As a result, extracting a JIMAGE file is effectively tantamount to adding some extra directories onto the classpath, as we must search through each <module-name> directory in order to look up any classes that are a part of the JIMAGE file. (There's some unresolved questions about the best way to faithfully emulate what Java does here. For example, should classes from JIMAGE files on the module path be looked up before classes from the classpath? After? I wasn't able to find any documentation on this point.)

Although jlink isn't a silver bullet, the silver lining is that we might not need to change SAW's Codebase type (responsible for loading .class files) at all. In light of the observations above, loading class files from a JIMAGE file is basically a slightly more convoluted version of what Codebase already does: add some directories to the classpath and consult those whenever classes are loaded for the first time. The only new thing that SAW would have to do is use jdeps/jlink/jimage to produce the thing that gets added to the classpath.

RyanGlScott commented 3 years ago

I have good news and bad news. tl;dr I have a working prototype, but there are some serious performance issues that we should consider carefully.

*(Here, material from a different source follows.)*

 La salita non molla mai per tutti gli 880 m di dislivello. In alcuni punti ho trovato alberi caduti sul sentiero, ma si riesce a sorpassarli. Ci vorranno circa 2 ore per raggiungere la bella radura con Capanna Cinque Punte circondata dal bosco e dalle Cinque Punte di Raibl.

The good news is that I've pushed a proof-of-concept implementation of the "use jdeps/jlink/jimage to produce the thing that gets added to the classpath" idea from https://github.com/GaloisInc/saw-script/issues/861#issuecomment-762332870 to the wip/T861 branch. The key change is the introduction of a new --java-bin-dirs flag, which allows specifying the location(s) where jdeps, jlink, and jimage live. With this, I am able to run SAW on some examples in the SAW repo with Java 11.

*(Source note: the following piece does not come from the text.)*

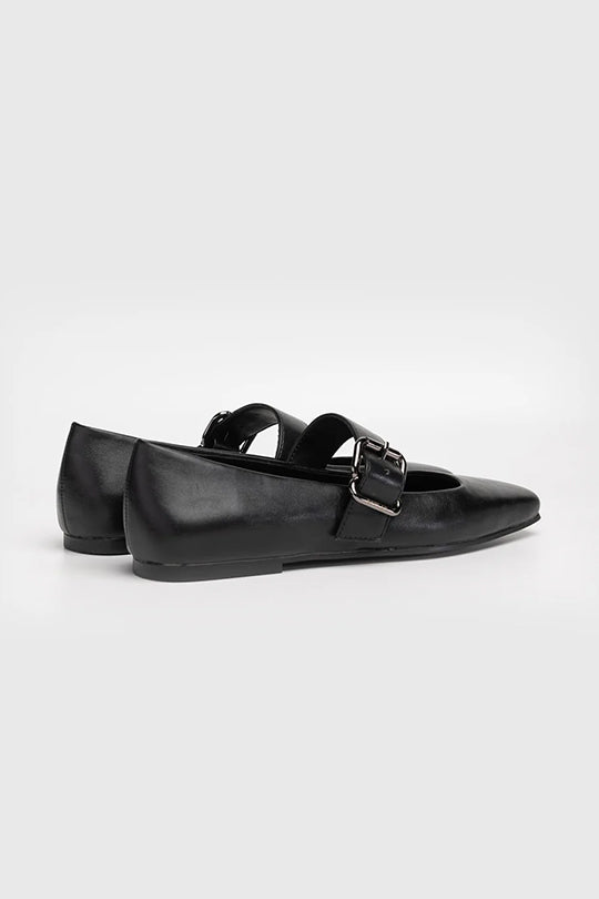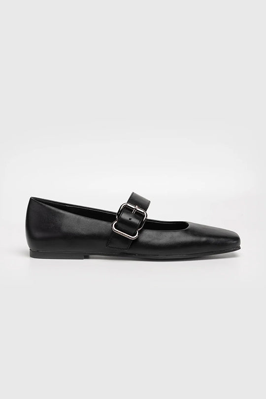 נעלי בלרינה שחורה לנשים עם רצועה ואבזם

The bad news is that the startup overhead imposed by this approach is quite severe. I was worried about jimage extract taking a long time, but the time that jimage takes is minuscule compared to jlink. Running jlink on even a tiny example that only uses java.base takes at least 3 seconds! To be fair, SAW is only using a small portion of the resulting JIMAGE file (which is about 500 megabytes total), but even passing flags such as --no-header-files --no-man-pages to reduce the size a bit doesn't make much of a difference.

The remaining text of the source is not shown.